In 1984/85 there was greater variability in the rock wren counts, with over half the areas having counts of 2 or more and some having as many as 5. There was less variability in 2005, the vast majority of areas only had a count of 1 and the maximum observed count was 3.

3. Confidence Intervals, Hypothesis Tests (mean)

3a. Confidence Interval, Hypothesis Test (2-sided for mean)

We are interested in whether the decline in counts from 1985 to 2005 is more than could be expected by chance. Even if there was no change in the overall mean, sampling variation would lead to decreases in half the samples. The probability that a Change from 0 occurred by chance can be calculated by using a t-test.

Previous Lesson

Code from Task 1d. Cockles lesson Section 3.0.2 can be modified (subsetting not necessary).

Code
#alternative="two.sided" indicates we are interested in differences from 0 in any direction
t.test(wren$Change,alternative = "two.sided") 
Code
#alternative="two.sided" indicates we are interested in differences from 0 in any direction
t.test(wren$Change,alternative = "two.sided") 

    One Sample t-test

data:  wren$Change
t = -2.4495, df = 11, p-value = 0.03227
alternative hypothesis: true mean is not equal to 0
95 percent confidence interval:
 -1.8985484 -0.1014516
sample estimates:
mean of x 
       -1 

It can be seen that the probability of this observed Change in wren numbers occurring by chance is 0.032, assuming there is no true change between 1985 and 2005. This probability is less than 1 in 20 (5%), and so is judged to be rare enough to be considered reasonable proof that there has been a significant change in the number of wren.

The confidence interval supports this conclusion as it is entirely less than 0. That, we can be 95% confidence that the true mean Change is negative.

3b. Confidence Interval, Hypothesis Test (1-sided for mean)

If we just testing for a decline in the numbers of wren, we could do a one-sided test that Change <0. Have a look at the help file for the t.test() function and modify the code from Task 3a. to test this.

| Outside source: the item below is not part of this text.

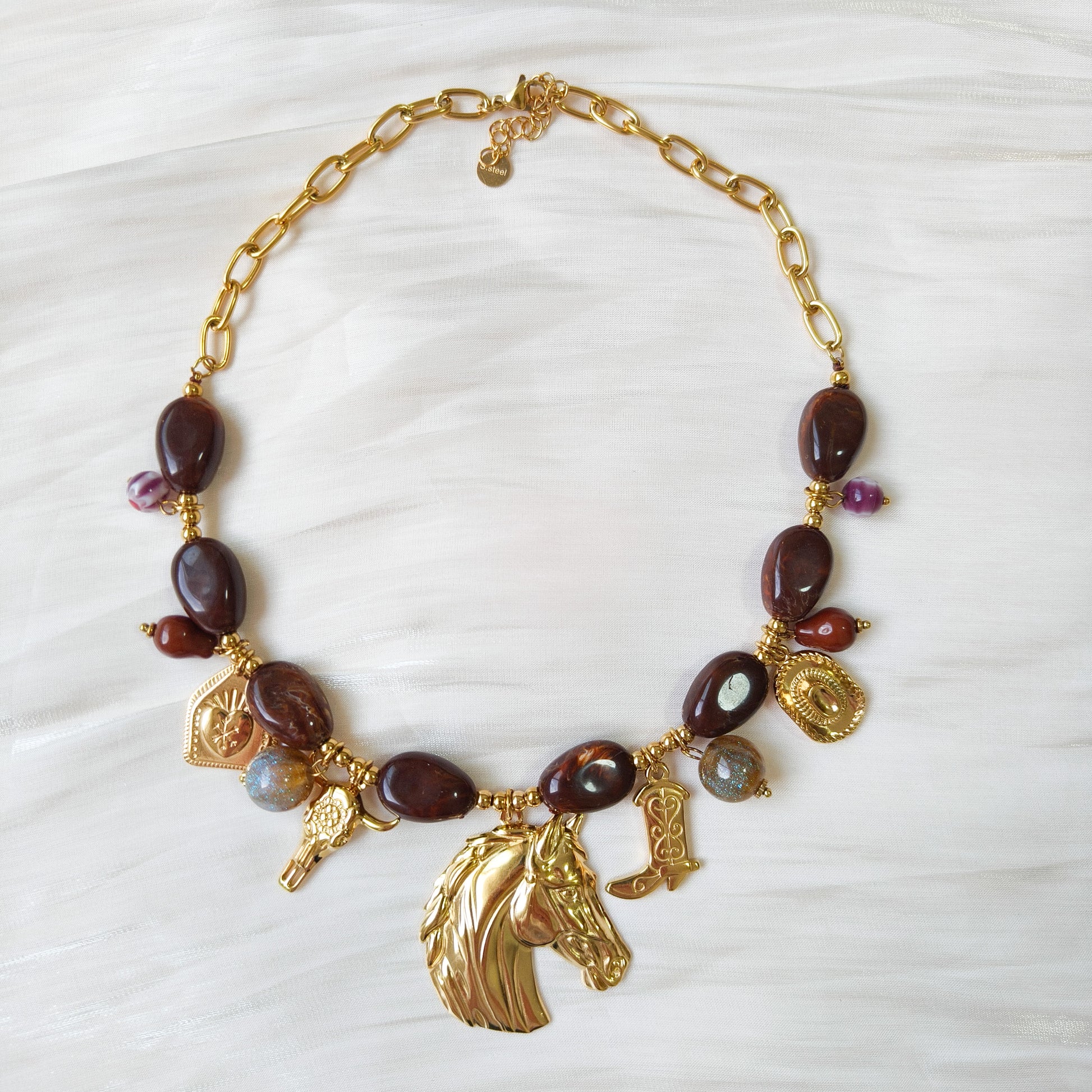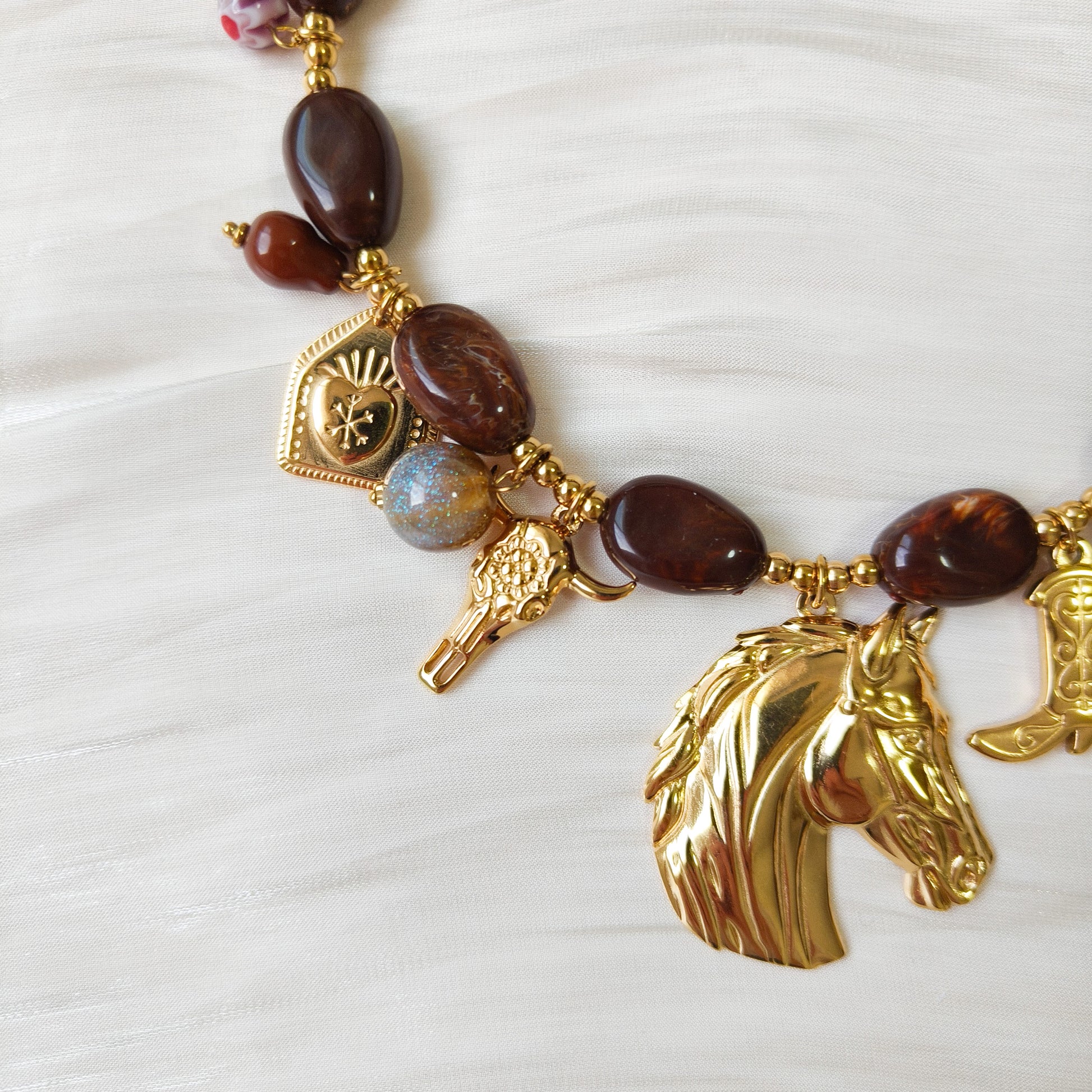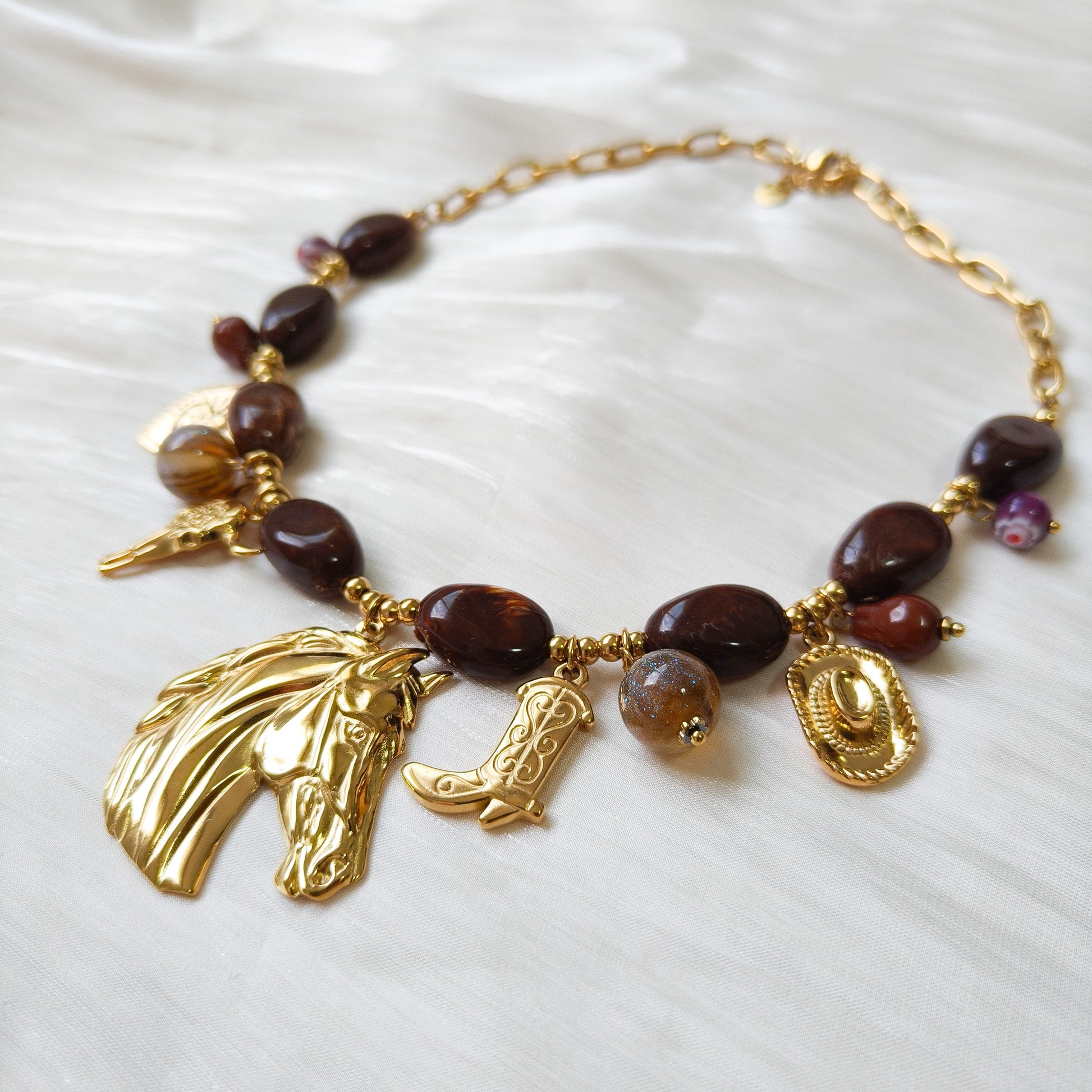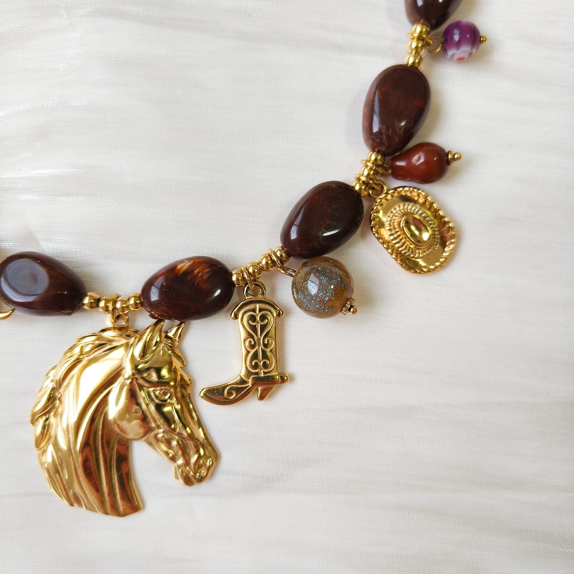 - Mitad cadena dorada, mitad cuentas marrón con charms ecuestres y medallitas.

What does this do to the probability?

Code
 #only interested in differences less than 0
t.test(wren$Change,alternative="less")
Code
 #only interested in differences less than 0
t.test(wren$Change,alternative="less")

    One Sample t-test

data:  wren$Change
t = -2.4495, df = 11, p-value = 0.01614
alternative hypothesis: true mean is less than 0
95 percent confidence interval:
       -Inf -0.2668331
sample estimates:
mean of x 
       -1 

The probability of the observed Change in wren numbers occurring by chance is even lower now (assuming there is no true change between 1985 and 2005), giving greater proof that there has been a significant decrease in the observed number of wren.

3c. Confidence Interval, Hypothesis Test (mean difference)

A one sample t-test on the Change is equivalent to a two sample paired t-test using 1984/85 and 2005 as the variates. Confirm that this gives you the same results as the one sample analysis of change.

Previous Lesson

This is calculated in Task 3. of Altitude Adjustment Section 6.0.4.

Code
#first test if variances are equal
var.test(wren$`2005`,wren$`1984/85`, alternative = "two.sided") 

#significant evidence against null hypothesis that variances are equal, use var.equal=F in t test
t.test(wren$`2005`,wren$`1984/85`,paired=T,var.equal=F,alternative="two.sided")
Code
#first test if variances are equal
var.test(wren$`2005`,wren$`1984/85`, alternative = "two.sided") 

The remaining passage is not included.